My wife and I have an AGI somewhere between $120k - $140k depending on how much I make on side gigs throughout the year. We both started new full-time jobs within the last 12 months.
Here is the background:
We file jointly as "married"
Her new job does not offer retirement benefits of any kind. Her income is about $38k/y
My job has enrollment for a Traditional 401k with 3% match that I can enroll in starting in June. My income from this will be between $90-100k this year, plus I get some random 1099 work throughout the year.
I plan to contribute $729 per pay period to my employer sponsored 401k.
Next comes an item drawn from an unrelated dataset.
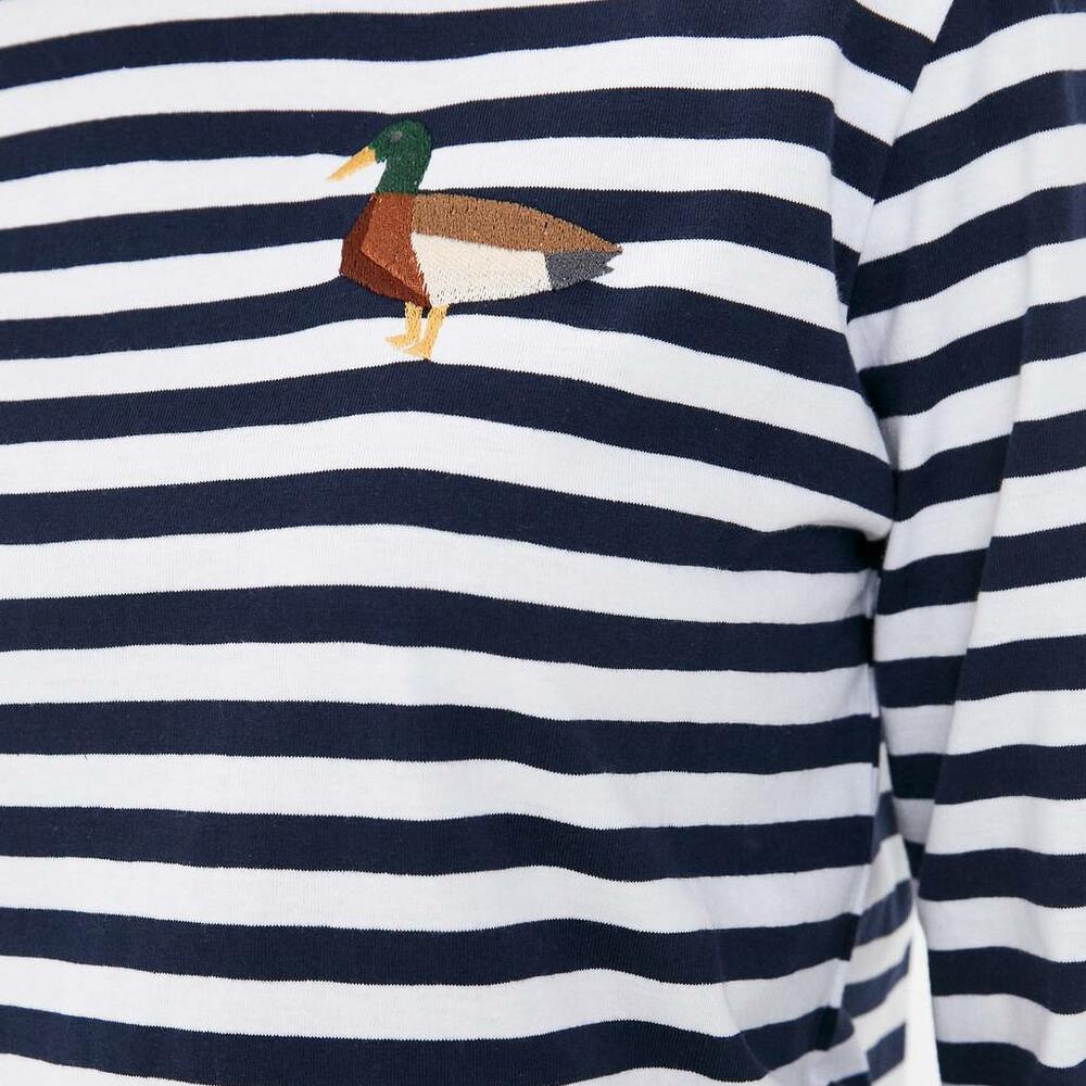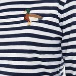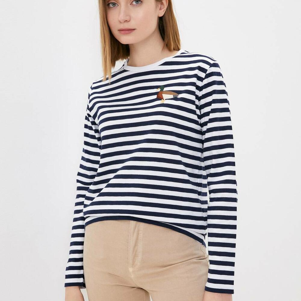 Тельняшка выполнена из бережного хлопка по принципу "полоска к полосочке". Прямой силуэт даёт возможность носить изделие как на высокой посадке, так и навыпуск, создавая классический образ для базового гардероба. Авторская вышивка смотрится ярко и гармонично на фоне сине-белых полосок морячки. Вышивка: Селезень Материал: хлопок Для кого: Женщинам Доступные размеры: S, M, L, XL

Over a full year, this would put me at the $17,500 max contribution.
She has a few thousand sitting in a previous account from a previous employer. I have about $35k across a few 403(b)s. I'm happy with my 403(b) performance, so I likely won't roll over - she will roll over.
At first glance, it seems that the smart move is for her to open a Traditional IRA with somewhere like Vanguard so that we can write off the contributions. Then, I read that if your AGI is over $115k for the year, that you can't write off any of the 401k contributions. This seems like it would lead to paying taxes twice - once on the money going in, and then again when you begin to take a distribution. Is this true? What option does she have that's most advantageous from a tax perspective?
Also, I just pretend that I know what I'm talking about with this stuff, so if I've left out any important details, please feel free to ask!
$115,000 or more - no deduction
That to me says that you don't get to deduct your contributions from your taxes? Did I misunderstand it? How would that work, since she would be paying into it with taxed dollars since it wouldn't be withheld by the employer?